*** Data supplied
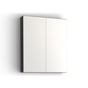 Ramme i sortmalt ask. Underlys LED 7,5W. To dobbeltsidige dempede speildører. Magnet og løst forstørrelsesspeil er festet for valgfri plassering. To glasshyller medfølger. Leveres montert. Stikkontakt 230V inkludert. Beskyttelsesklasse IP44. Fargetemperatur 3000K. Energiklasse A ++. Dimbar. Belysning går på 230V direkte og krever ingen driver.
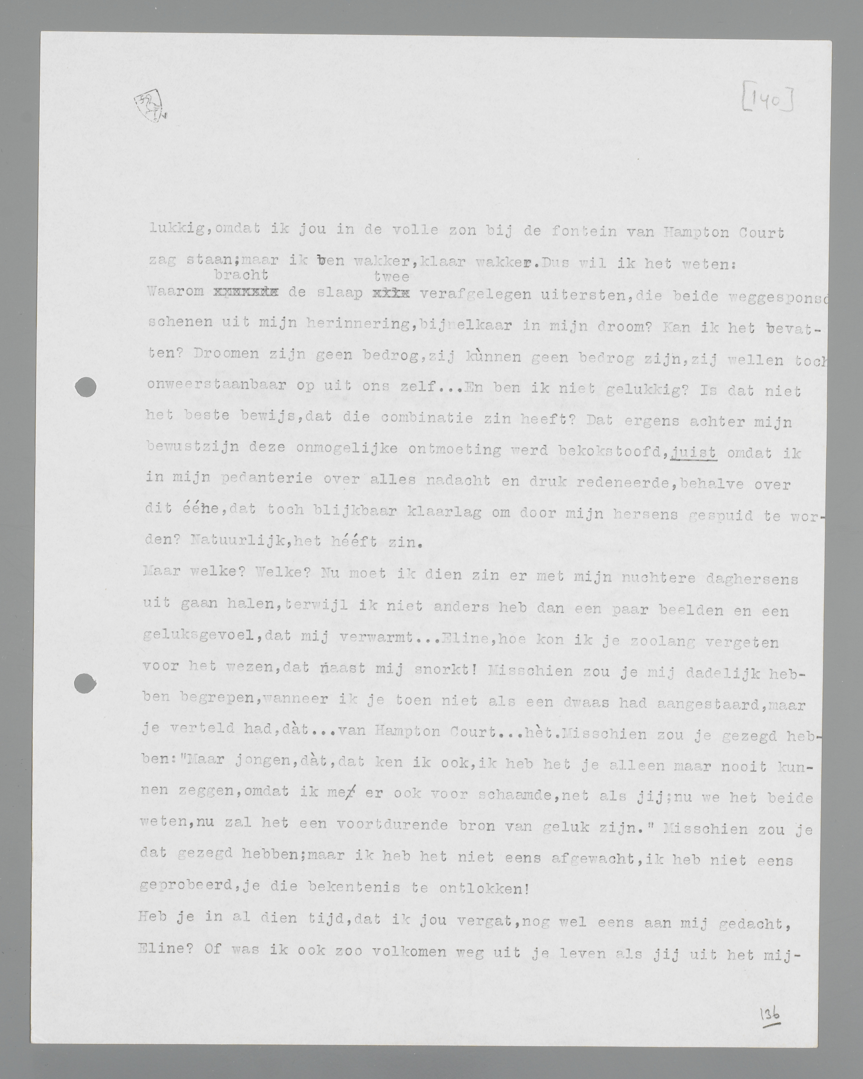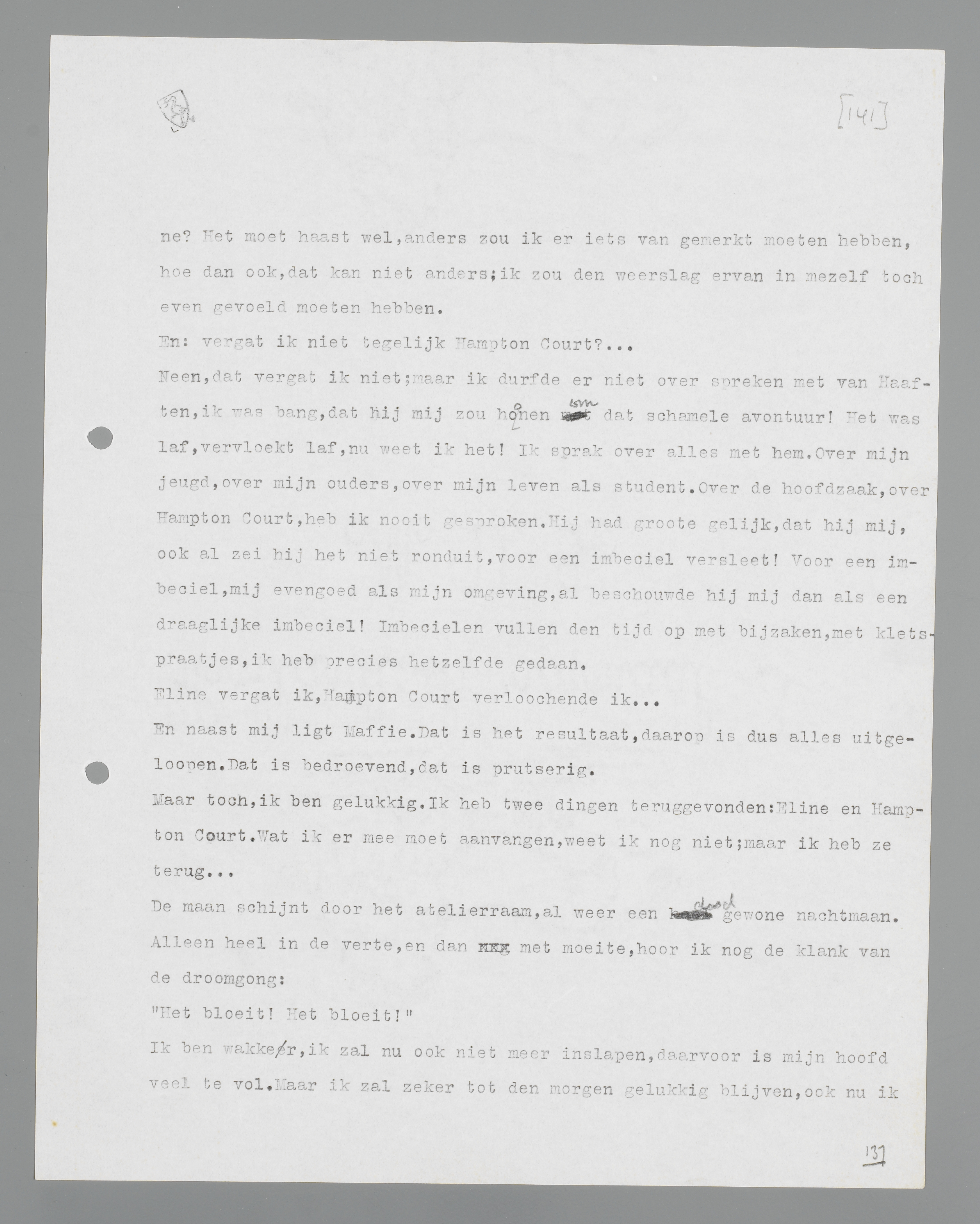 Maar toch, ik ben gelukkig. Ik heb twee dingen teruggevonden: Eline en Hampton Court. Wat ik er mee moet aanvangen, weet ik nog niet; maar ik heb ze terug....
******
*** Data supplied
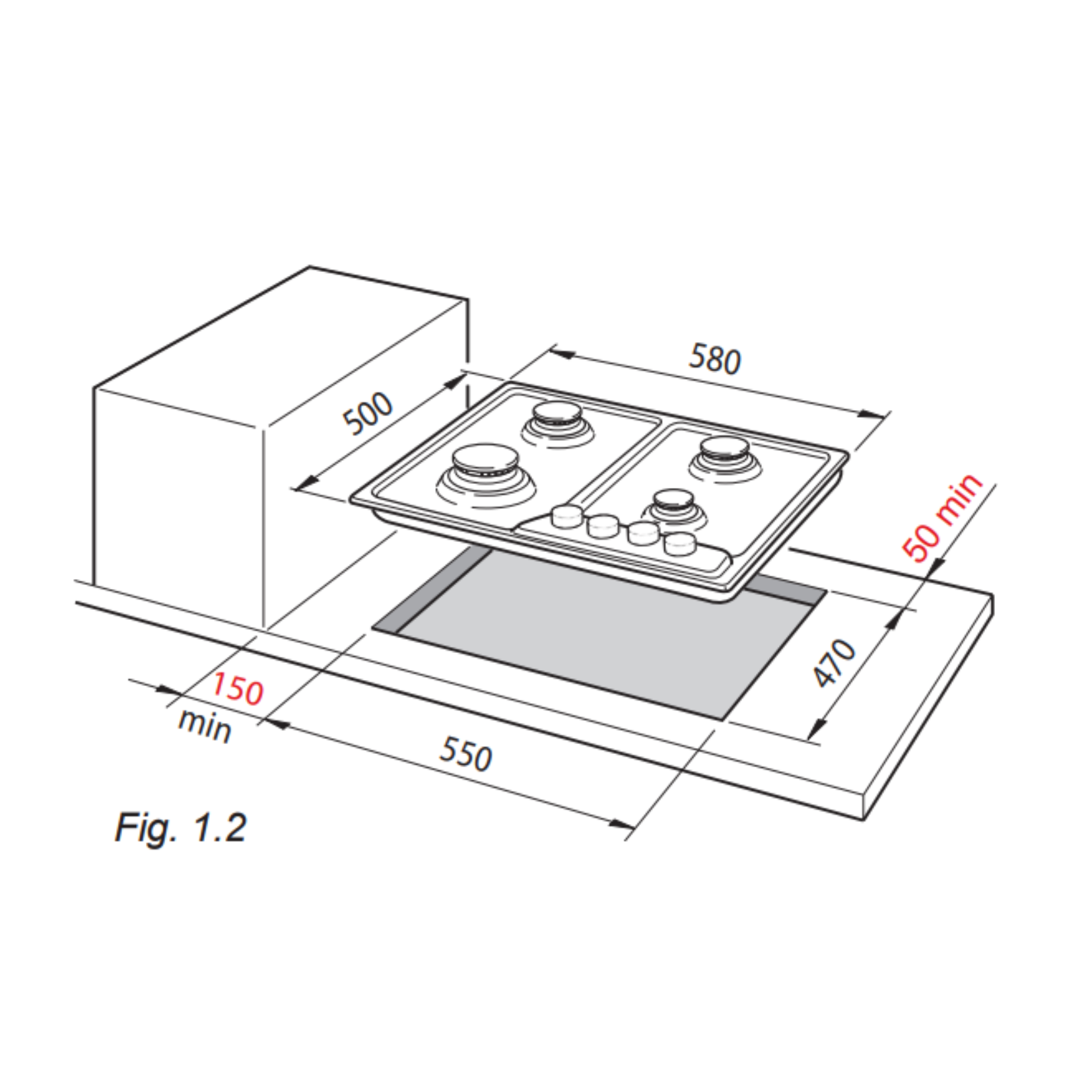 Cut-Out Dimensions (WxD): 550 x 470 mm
******
*** Data supplied
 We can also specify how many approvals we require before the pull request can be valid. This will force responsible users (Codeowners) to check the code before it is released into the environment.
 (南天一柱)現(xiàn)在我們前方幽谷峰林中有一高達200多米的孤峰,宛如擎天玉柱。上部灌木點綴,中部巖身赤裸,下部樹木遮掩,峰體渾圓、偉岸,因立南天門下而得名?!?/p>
******
▶ _Your instructions_
Nothing but the lines above from the line with "Ramme i sortmalt" up to and including the line with "Maar toch, ik" should be returned, exactly as written and without pictures.

▶ _Answer to the problem_
 Ramme i sortmalt ask. Underlys LED 7,5W. To dobbeltsidige dempede speildører. Magnet og løst forstørrelsesspeil er festet for valgfri plassering. To glasshyller medfølger. Leveres montert. Stikkontakt 230V inkludert. Beskyttelsesklasse IP44. Fargetemperatur 3000K. Energiklasse A ++. Dimbar. Belysning går på 230V direkte og krever ingen driver.
 Maar toch, ik ben gelukkig. Ik heb twee dingen teruggevonden: Eline en Hampton Court. Wat ik er mee moet aanvangen, weet ik nog niet; maar ik heb ze terug....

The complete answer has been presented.